Work to be completed: For this task, output exactly the lines of the material below starting at the line with "Pretty little pod" and ending at the line with "FACET, since 1946, designs, produces"; pictures are to be excluded.

Data to examine:
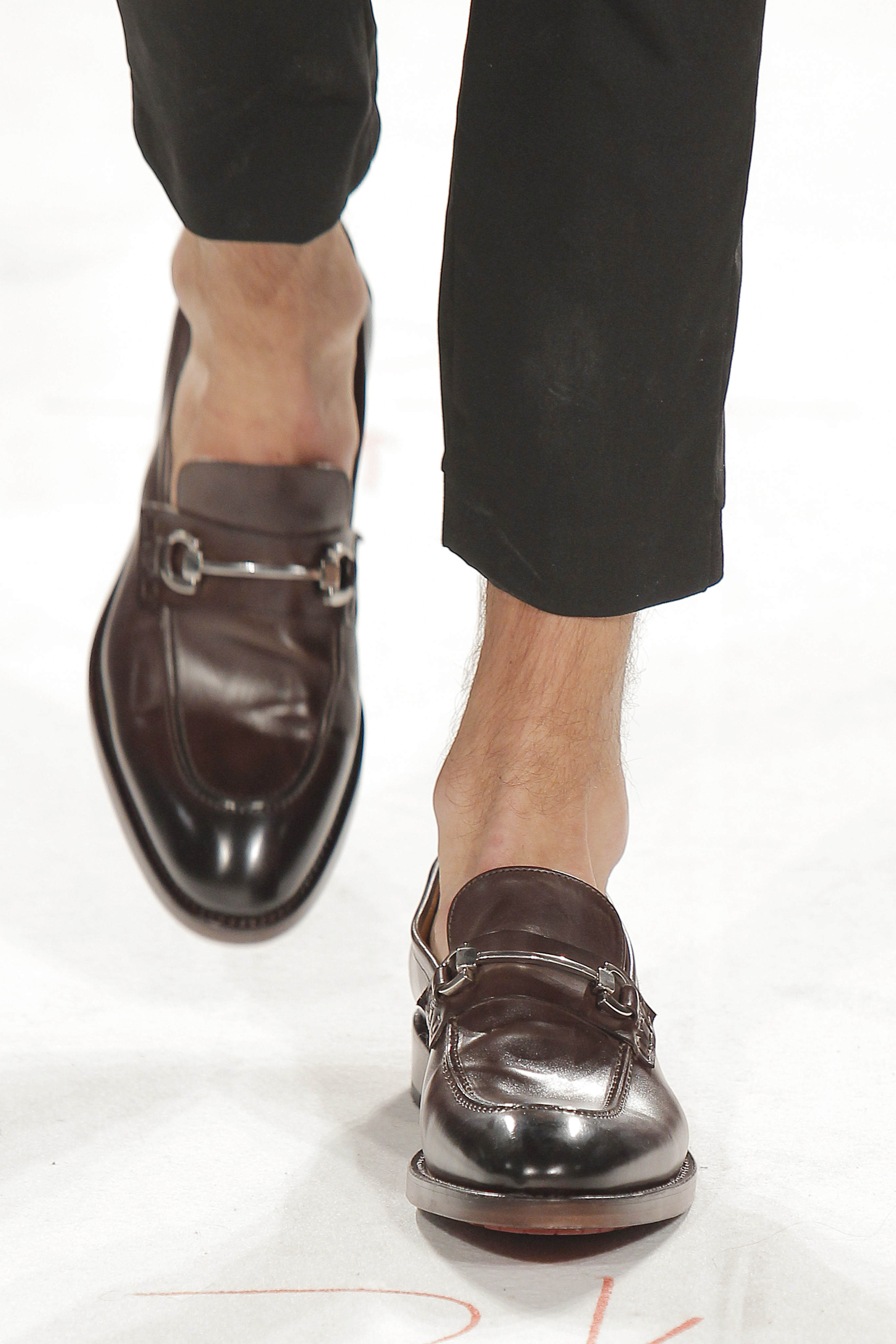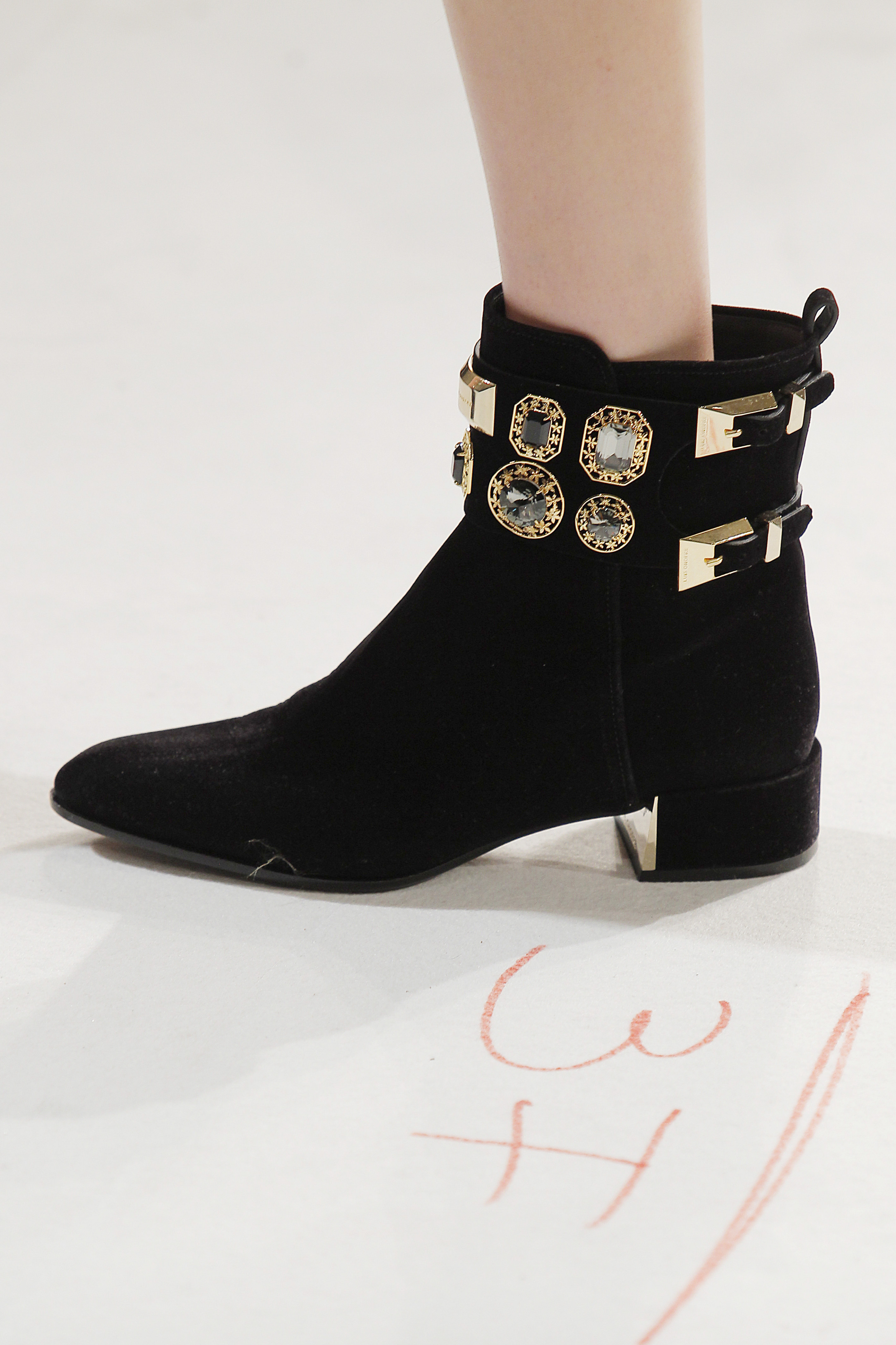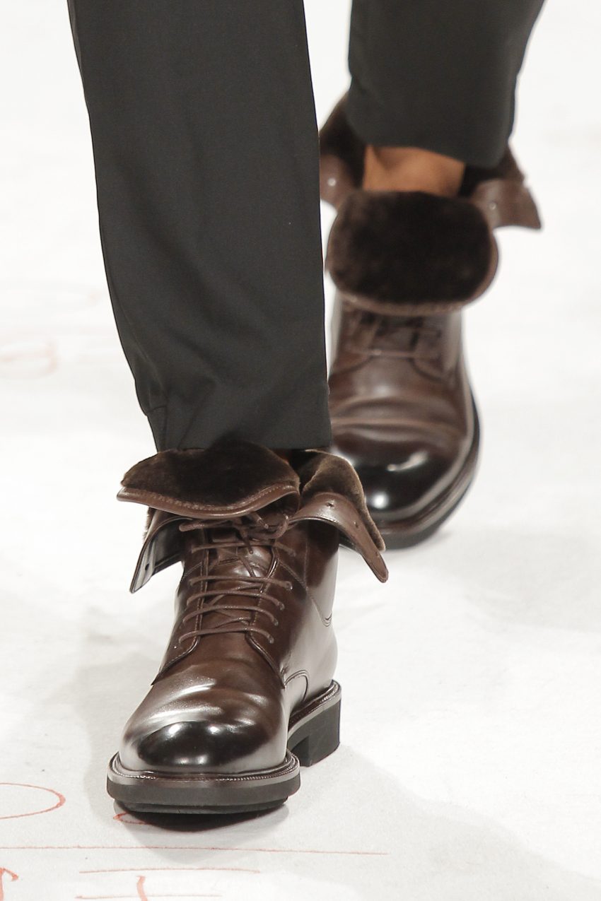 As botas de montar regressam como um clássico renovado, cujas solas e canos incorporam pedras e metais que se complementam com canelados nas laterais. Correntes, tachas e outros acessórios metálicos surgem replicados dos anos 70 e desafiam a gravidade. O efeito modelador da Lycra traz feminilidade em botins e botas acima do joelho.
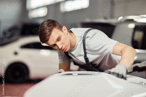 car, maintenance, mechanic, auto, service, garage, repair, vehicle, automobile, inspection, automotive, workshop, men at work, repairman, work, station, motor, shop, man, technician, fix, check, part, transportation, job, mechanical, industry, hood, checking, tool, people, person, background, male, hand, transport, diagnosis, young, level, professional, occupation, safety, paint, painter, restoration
* * *
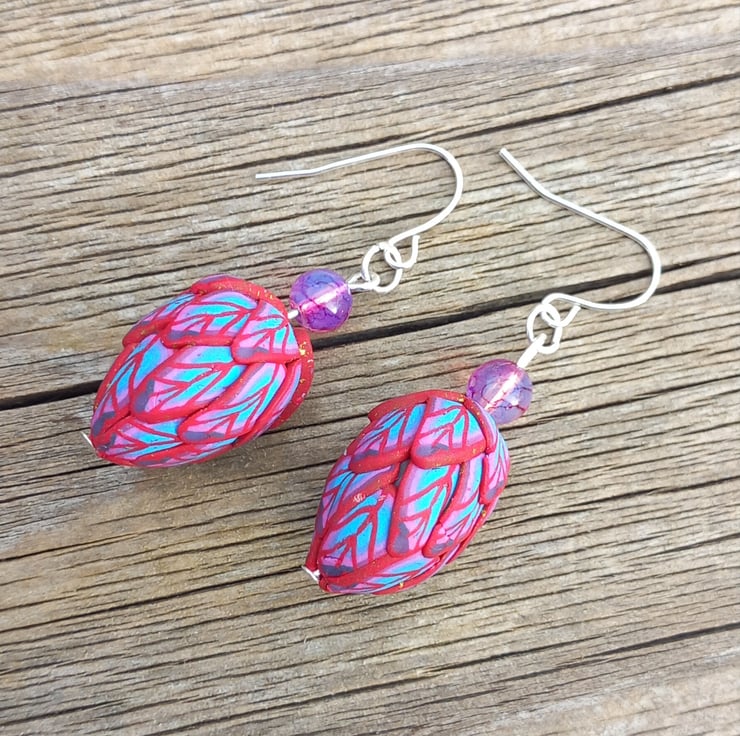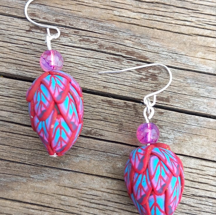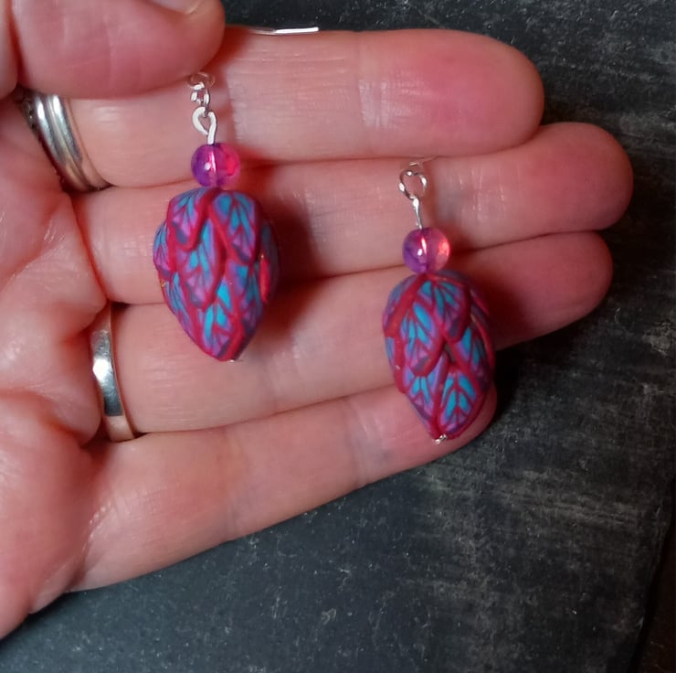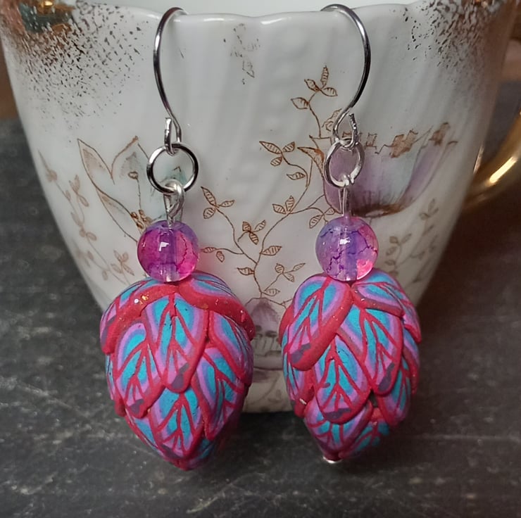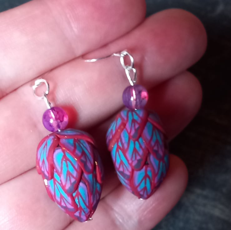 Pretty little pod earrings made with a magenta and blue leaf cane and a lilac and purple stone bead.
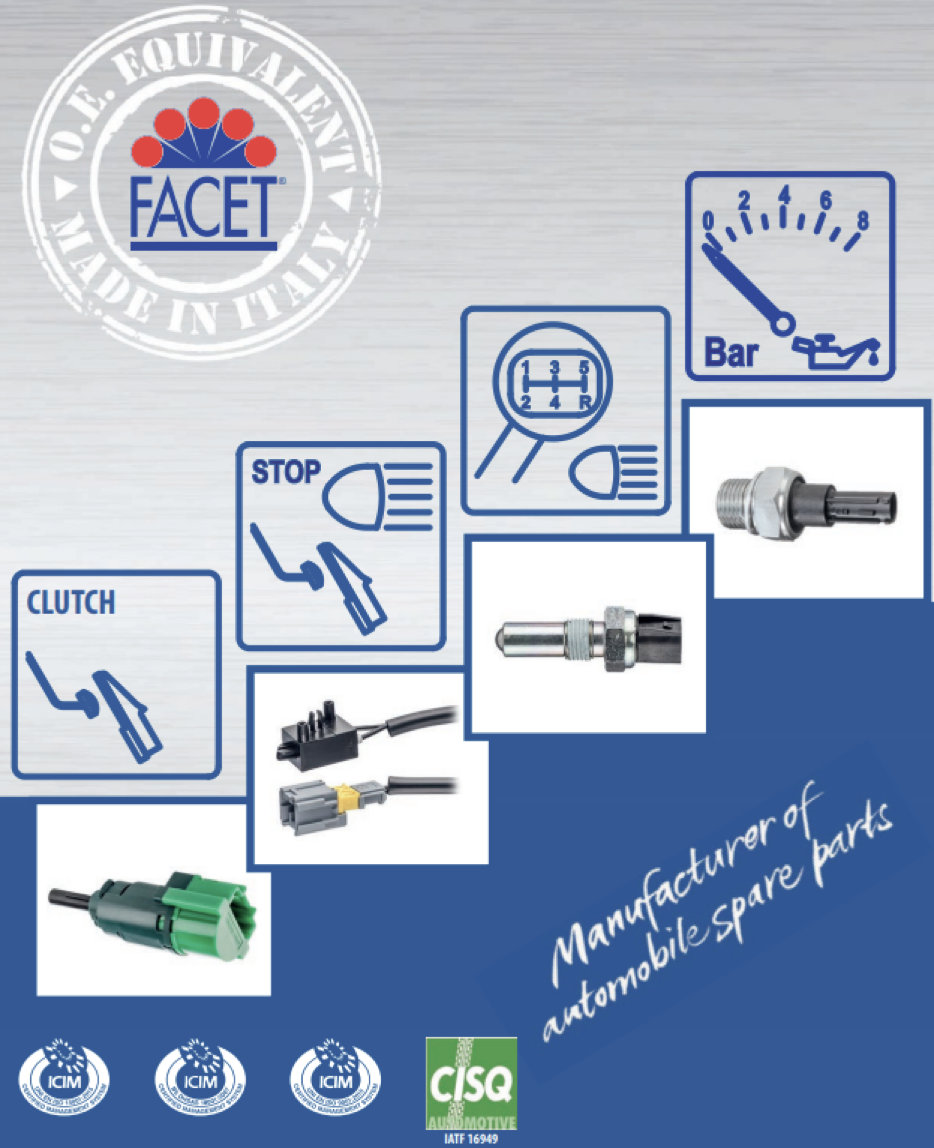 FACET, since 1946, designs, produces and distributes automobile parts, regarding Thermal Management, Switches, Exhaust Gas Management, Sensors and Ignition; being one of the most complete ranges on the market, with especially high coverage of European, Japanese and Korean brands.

Task response:
 Pretty little pod earrings made with a magenta and blue leaf cane and a lilac and purple stone bead.
 FACET, since 1946, designs, produces and distributes automobile parts, regarding Thermal Management, Switches, Exhaust Gas Management, Sensors and Ignition; being one of the most complete ranges on the market, with especially high coverage of European, Japanese and Korean brands.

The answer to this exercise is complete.